RAID subsystems

They say if you sit long enough at a cafe on the Champs Elys'es in Paris,
everyone you know will pass by. I say, if you listen long enough to an information systems
manager, you’ll eventually hear the same lament—data by the ton and every single
user wanting immediate access to all of it at all times.

There is a solution to the problem and each systems manager knows it by name: a
redundant array of independent disks to call his or her own.
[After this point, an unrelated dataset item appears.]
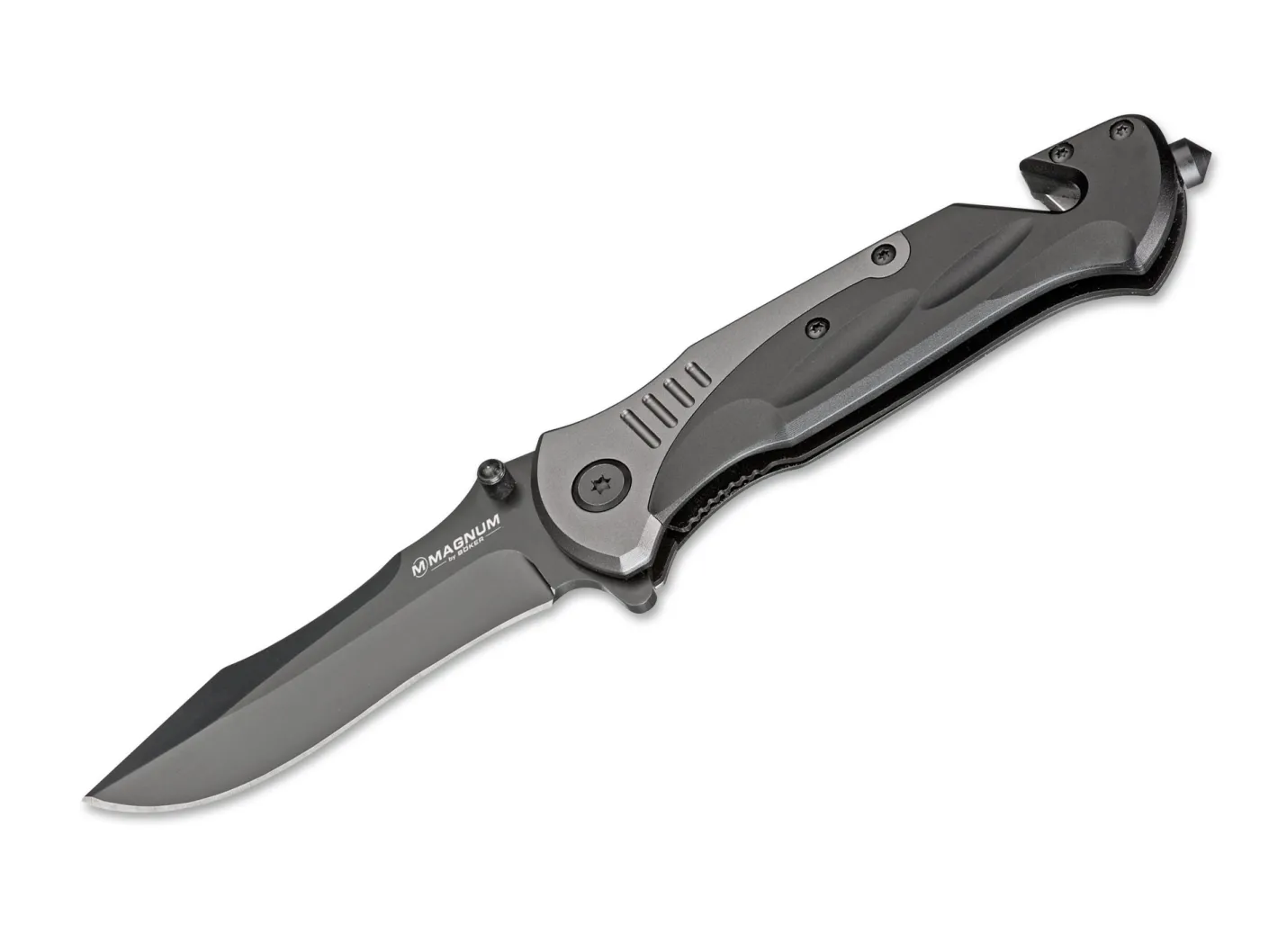Die verkleinerte Ausführung des sehr erfolgreichen Magnum Fire Chief erschließt sich ergonomisch auch kleineren Händen. Konzipiert als Notfallwerkzeug mit Glasbrecher, Gurtschneider und partiellem Wellenschliff. Die rostfreie Klinge aus 440A wird per Flipper geöffnet und ist so immer bereit für den Ernstfall. Ein stabiler Linerlock sorgt für die notwendige Stabilität. Auf der Rückseite des Taschenmessers ist außerdem ein Clip angebracht.

Basic RAID has been around for a decade or more, but it’s gone through a dozen or
so development cycles in that time, making it difficult even for experts to keep up with
the changes.

One thing is for sure: RAID is technology-intensive and usually expensive. Those two
factors make it critical to select the right one the first time out—a tough order for
systems administrators who lack the time to wade through pages of product literature about
competing RAID levels, interface options, redundancy requirements and the best software
for the arrays they have in mind.

Contrary to popular opinion, the principal purpose of a RAID is not security but data
accessibility. Every RAID system is a set of two or more independent disk drives
configured by the RAID controller to appear to the host computer as one large-capacity
disk drive. Although the host perceives the system as a single drive, the data is
distributed across multiple drives.

The arrangement provides fault-tolerant storage and alleviates the input-output
bottleneck of typical single-drive systems. The payoff to users is 100 percent data
availability, regardless of disk failure, plus very fast data retrieval.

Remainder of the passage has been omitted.